A multicenter study was set up to evaluate the prevalence, clinical and biological significance of antiphosphatidylethanolamine antibodies (aPE) in thrombotic patients with or without the main known clinical and biological risk factors for thrombosis. APE and antibodies, defined as the laboratory criteria of antiphospholipid syndrome (APS) -lupus anticoagulant, anticardiolipin and anti-beta(2)-GPI antibodies were measured in 270 patients with thrombosis (234 venous and 37 arterial) and 236 matched controls. APE were found in 15% of thrombotic patients compared to 3% of controls (p < 0.001) with no predominant isotype, no association with the main known clinical or biological risk factors for thrombosis neither with a type of thrombosis, arterial or venous.
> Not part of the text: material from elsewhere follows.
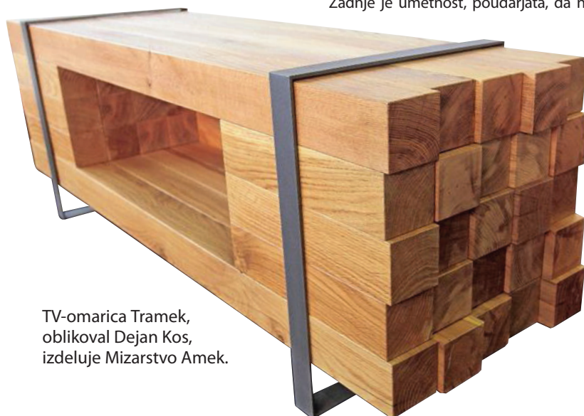
TV-omarica Tramek, oblikoval Dejan Kos, izdeluje Mizarstvo Amek.

Aleksandra Zorko

In a multivariate logistic regression analysis of antibodies, aPE showed the highest association with thrombosis (odds ratio [OR]: 4.2, p < 0.001). Moreover, using a multivariate analysis in a case-control subgroup study on 158 patients, IgGaPE were found to be significantly associated with venous thrombosis (OR:6;p = 0.005). Interestingly, 25 of the 40 aPE-positive patients (63%) were negative for the APS laboratory criteria. Most of them (21/25) had venous thrombosis, recurrent in ten of them. Four patients also suffered from early or late miscarriages. Our results underline the strength of the association between the presence of aPE and thrombosis and suggest their measurement in thrombotic patients, especially when lupus anticoagulant, anticardiolipin or anti-beta(2)-GPI antibodies are absent.

摘要

一项多中心研究开展,旨在评估抗磷脂酰乙醇胺抗体(aPE)在有或无主要已知血栓形成临床及生物学危险因素的血栓形成患者中的患病率、临床及生物学意义。在270例血栓形成患者(234例静脉血栓形成患者和37例动脉血栓形成患者)及236例匹配对照中检测了aPE以及作为抗磷脂综合征(APS)实验室标准定义的抗体——狼疮抗凝物、抗心磷脂抗体和抗β2糖蛋白I抗体。与3%的对照相比,15%的血栓形成患者检测到aPE(p<0.001),aPE无优势亚型,与主要已知血栓形成临床或生物学危险因素以及血栓形成类型(动脉或静脉)均无关联。在抗体的多因素逻辑回归分析中,aPE与血栓形成的关联最强(比值比[OR]:4.2,p<0.001)。此外,在一项针对158例患者的病例对照亚组研究中进行多因素分析时,发现IgG aPE与静脉血栓形成显著相关(OR:6;p = 0.005)。有趣的是,40例aPE阳性患者中有25例(63%)APS实验室标准检测为阴性。其中大多数患者(21/25)有静脉血栓形成,10例为复发性静脉血栓形成。4例患者还出现早期或晚期流产。我们的结果强调了aPE的存在与血栓形成之间关联的强度,并建议在血栓形成患者中检测aPE,尤其是在不存在狼疮抗凝物、抗心磷脂抗体或抗β2糖蛋白I抗体时。